Created attachment 301854 [details]
kernel log: v6.0-rc6 and v6.0-rc6 with 7123d39dc reverted

@Mario


(In reply to Mario Limonciello (AMD) from comment #4)
> [...]
> 1) Does this still exist in a fully unpatched 6.0-rc6? What's the behavior?

Yes.
That's why I've set the bugs kernel version to 6.0-rc6 ;-)

I've attached kernel logs for v6.0-rc6 and for v6.0-rc6 with 7123d39dc reverted.
Reverting 7123d39dc on v6.0-rc6 makes the bug disappear.



> 2) What bisect points did you use to conclude that this problem on that
> particular commit?  By chance do you have the bisect log?

Sorry, no bisect log saved.
But I've explicitly tested 7123d39dc and it's predecessor 7123d39dc^, which is v5.18-rc7.
And 7123d39dc is definitely broken and v5.18-rc7 is working fine.



> 3) Why don't you just use s2idle instead in BIOS setup?  It's very mature on
> a modern kernel. Most systems with AMD APUs shipped from OEMs don't offer a
> toggle even, which is why I'm surprised you have one.

Tested s2idle with the openSUSE-15.4 stock kernel v5.14 and it consumed MASSIVELY more power than S3.
I may give s2idle it another try with linux-6.0.

QUESTION:
Is "echo s2idle > /sys/power/mem_sleep" equivalent to enabling s2idle via ACPI?
So I wouldn't need to reboot to change ACPI for testing s2idle.

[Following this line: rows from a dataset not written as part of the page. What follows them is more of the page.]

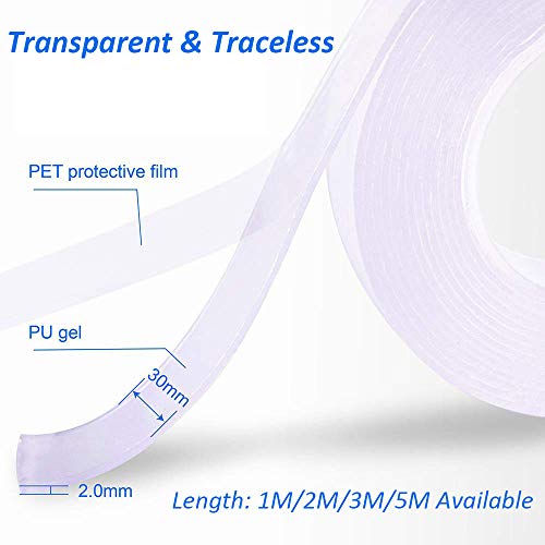 Nastro adesivo riutilizzabile senza traceless, forte nastro magico del gel trasparente bifacciale rimovibile lavabile nastro appiccicoso antiscivolo multifunzione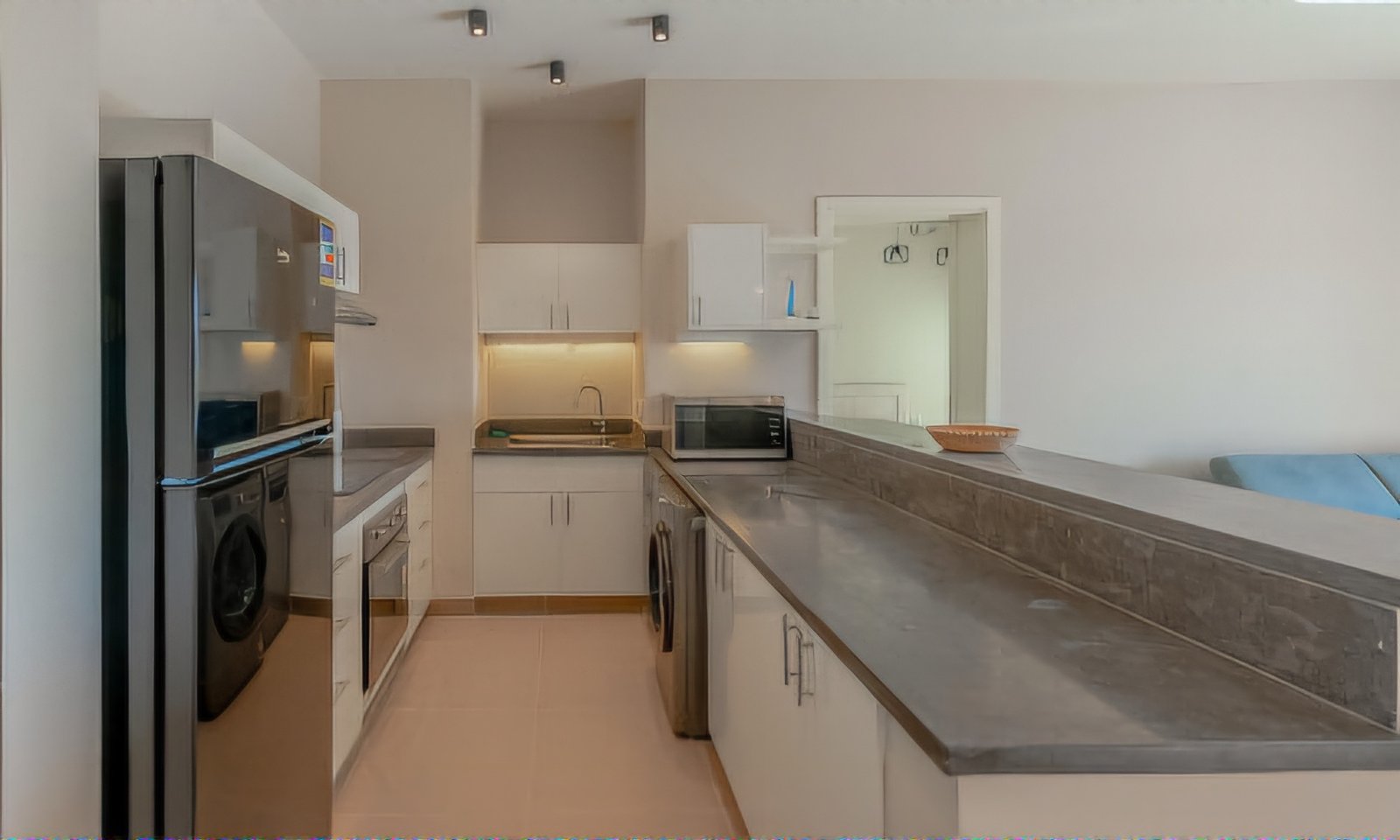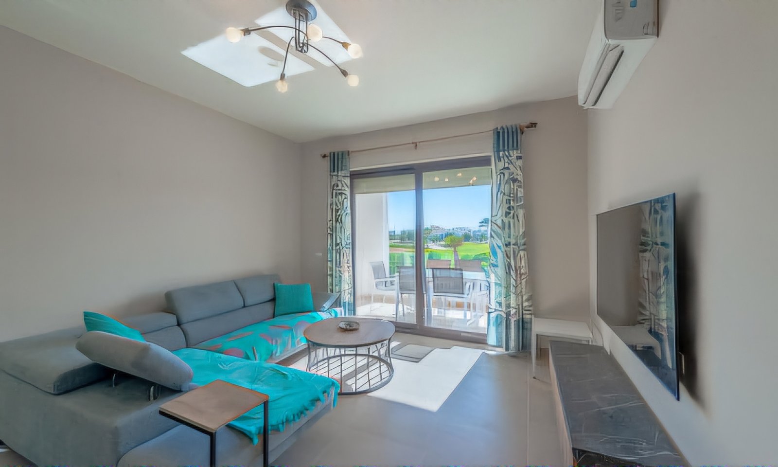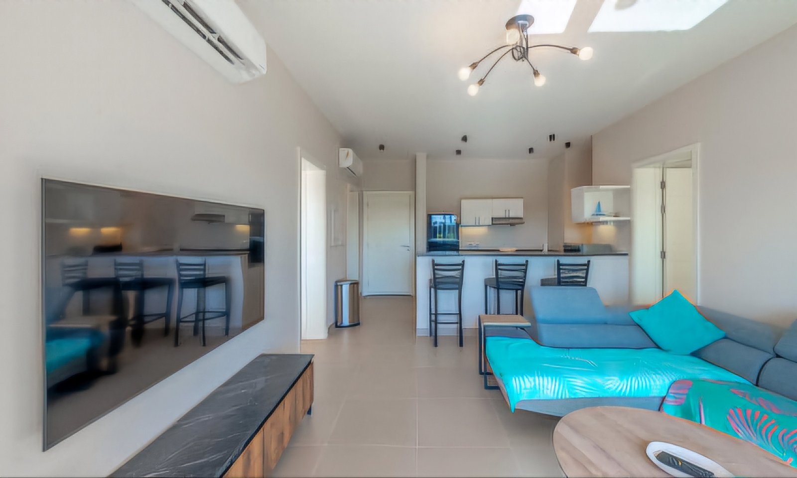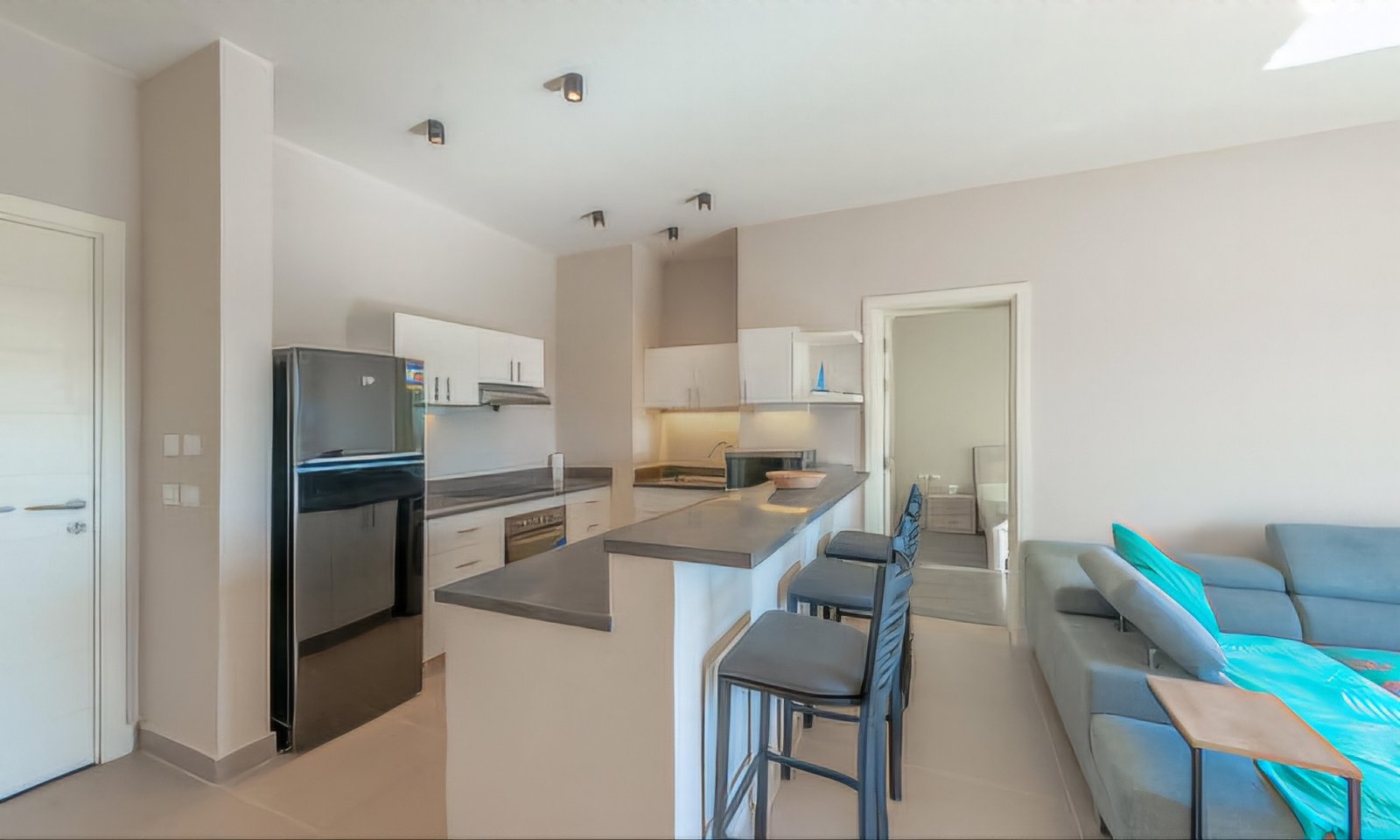 High-standard 2-Bedroom apartment in one of the latest Orascom Development projects in El Gouna – Cyan. A place where simplicity meets innovative solutions and beautiful finishings. Cyan is surrounded by the vibrant greens of 9-holes golf course, lakes and magnificent landscapes. The apartment is on the first floor and faces the golf course directly, you can admire views from the balcony. The outdoor dining area is enriched with a view-both on the golf course and the shared swimming pool. Indoor space features 2 master bedrooms, both ensuite, 1 double bed and 2 single beds in the other. Both bedrooms are equipped with AC and have their own access to the balcony. The living area is far away from any common overwhelming crowded interior, everything here is fresh, simple and ready to deliver top quality experiences. Open plan kitchen has an oven, a stove, microwave, fridge & freezer, kitchenware and washer. It’s enhanced by a bar with 3 high chairs. In the living room there is a big, flat screen smart TV situated in front of the comfortable L-shaped sofa. All property is Wi-Fi covered. Additionally, there is a guest toilet connected to the middle room for your convenience. Brand-new Cyan’s shared pool is for your use. Cyan is positioned minutes away from the Abu Tig Marina, home to El Gouna’s finest restaurants and bars. Downtown is just 2 minutes drive away. The Red Sea and closest kitesurfing centers are located less than 1.5km from the apartment.
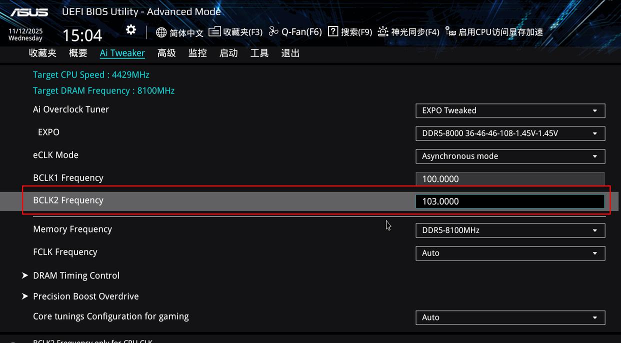 除此之外,该主板还内置了异步时钟发生器,能够单独对处理器的外频进行调节,这也是它的一大亮点。在ai overclock tuner开启manusl选项后,我们可以在eclk mode(外频模式)中选择同步或者异步,选择asynchronous异步模式后多出的bclk 2选项,就可以单独对处理器的外频进行调节了。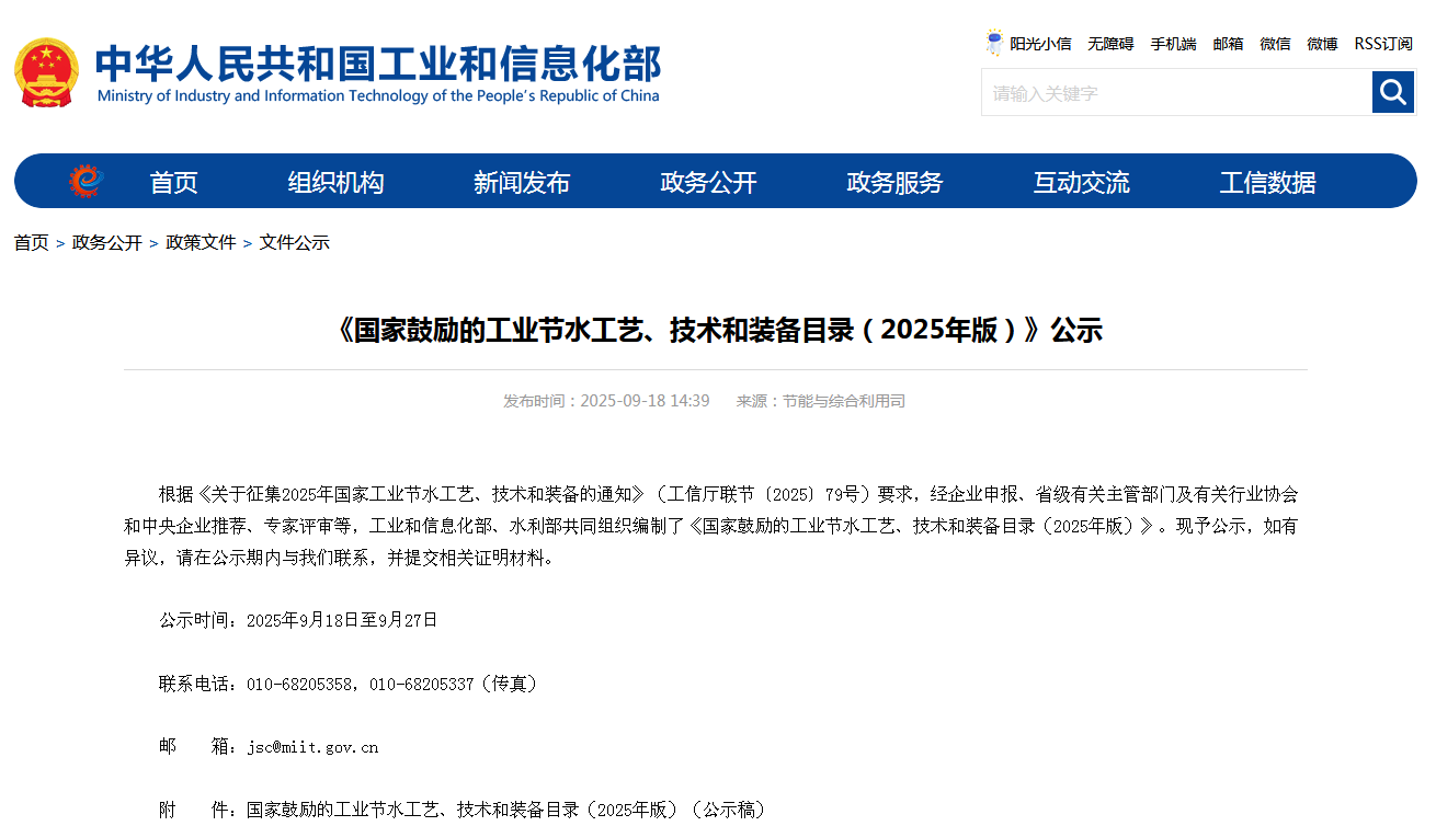 《国家鼓励的工业节水工艺、技术和装备目录(2025年版)》公示根据《关于征集2025年国家工业节水工艺、技术和装备的通知》(工信厅联节〔2025〕79号)要求,经企业申报、省级有关主管部门及有关行业协会和中央企业推荐、专家评审等,工业和信息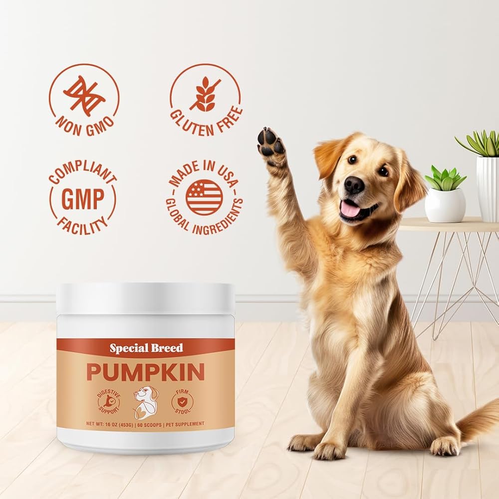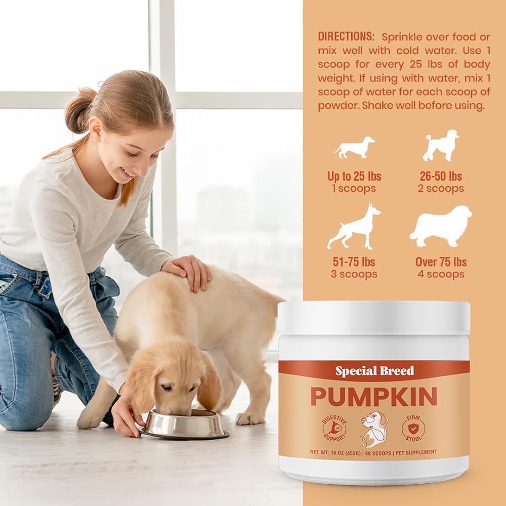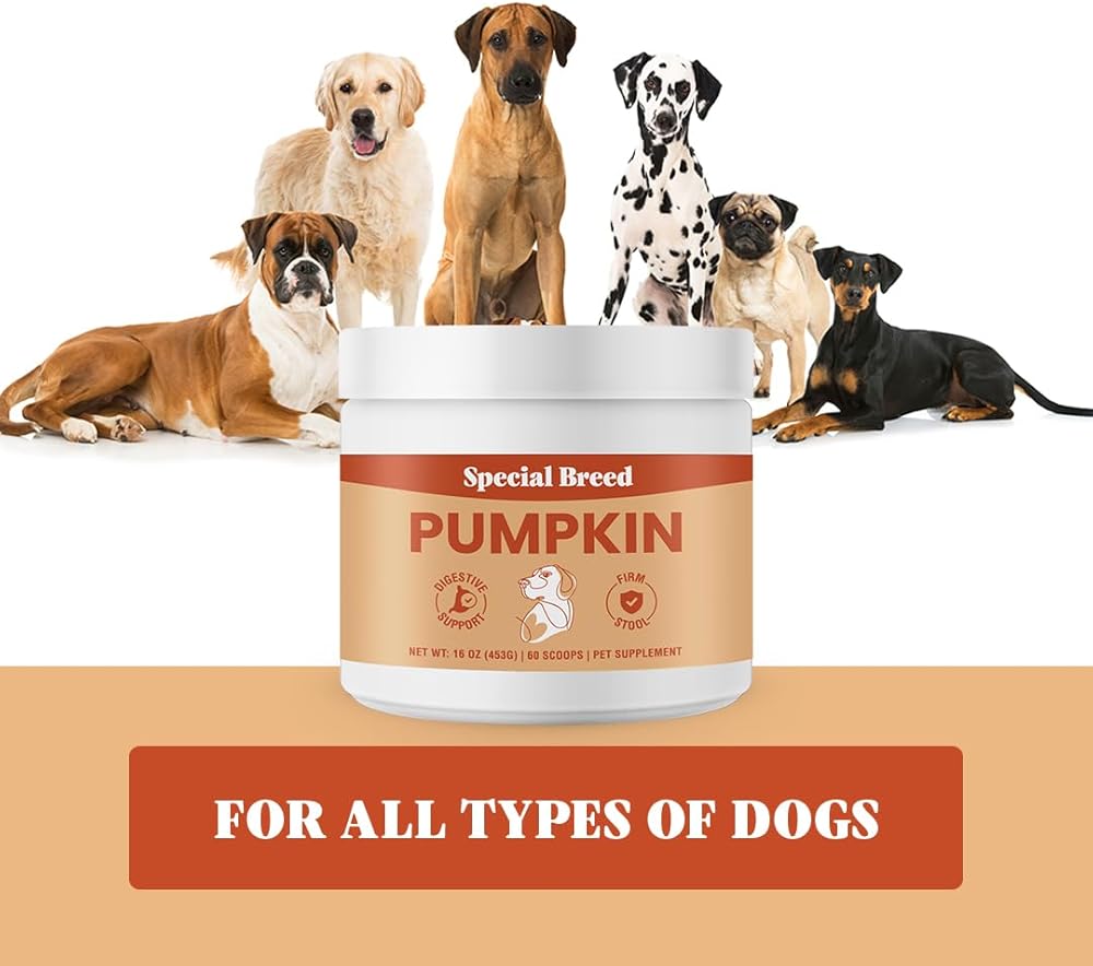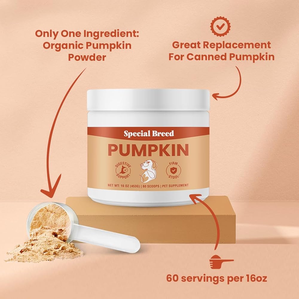 Special Breed Organic Pumpkin Powder for Dogs (16 oz) - Digestive Support - Natural Fiber for Dogs - Tasty Food Topper or Mix with Water for Pumpkin Puree, 60 Scoops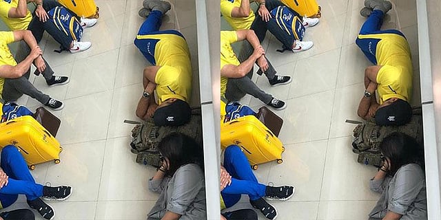 விமான நிலையத்தின் காத்திருப்பு அறையில் தோனியும், அவரது மனைவியும் தரையில் படுத்திருப்பது போன்ற படம் சமூக வலைத்தளங்களில் அவரது ரசிகர்களால் பகிரப்பட்டு வருகிறது.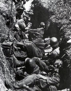 Чем мы не уступали противнику, так это в живой силе. Для пополнения непрерывно прибывали эшелоны с Москвы и Ленинграда с добровольцами коммунистами и комсомольцами. Это были, в основном, переодетые в военную форму лица интеллектуального труда: музыканты, преподаватели, служащие учреждений, которые не владели навыками обращения с оружием и способами самозащиты. На ходу приходилось их обучать пользованию винтовкой, умением бросать гранату. Нередко прямо «с коня» и без всякой подготовки новобранцы бросались в бой. Не нужно быть большим фантазером, чтобы предсказать результаты наступления такого подразделения. Следует напомнить, что боевые действия были не оборонительного, а наступательного характера, когда за каждую высоту или населенный пункт (деревню) велись упорные боевые действия. Некоторые населенные пункты по много раз переходили из рук в руки. За деревню Ушаково велись многодневные бои и 6 раз она переходила из рук в руки, когда в ночной рукопашной схватки противника выбивали из захваченной деревни или высоты, а днем противник возвращался в свои окопы и блиндажи. В одном из таких сражений поднимая пехоту в атаку, погибли комиссар 355 стрелкового полка А.Г. Гутник (в котором я проходил службу) и командир полка полковник Н.А. Шварев.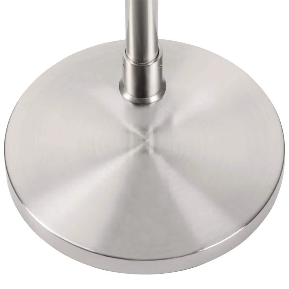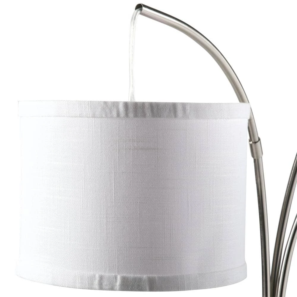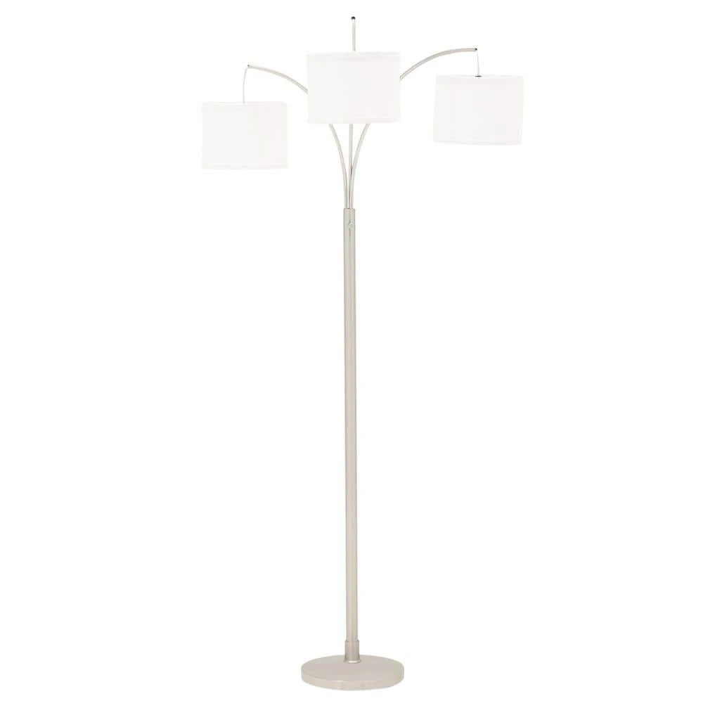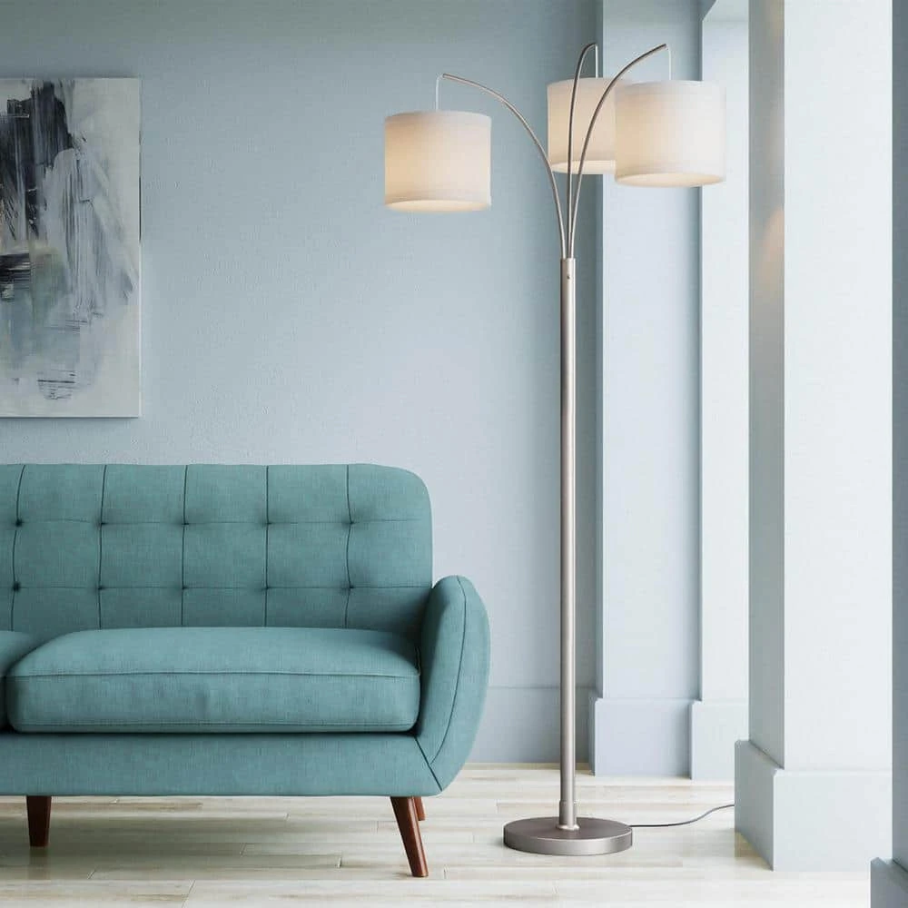 This brushed nickel floor lamp has 3 linen drum shades which suspend from adjustable curved metal poles. It has a rotary switch on the pole and uses three 60-Watt incandescent bulbs or CFL or LED equivalent (not included). It is 80 in. H. This lamp will brighten up any room decor in the house.
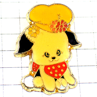 ピンバッジ・黄色い帽子の犬レトロ調ボール遊び

I also thought about using s2disk. But my employer requires me to use a very long LUKS password. So I prefer not to enter the LUKS password every time I wake my notebook.



> BTW - I wasn't aware that they offered a BIOS setting for s2ram on 845.  Are
> you patching the BIOS somehow or just changing a setting?  If you change it
> back to s2idle does all this go away?

Actually S3 is very well hidden. I don't know a way to enable it directly in the BIOS. But it's in the ACPI tables.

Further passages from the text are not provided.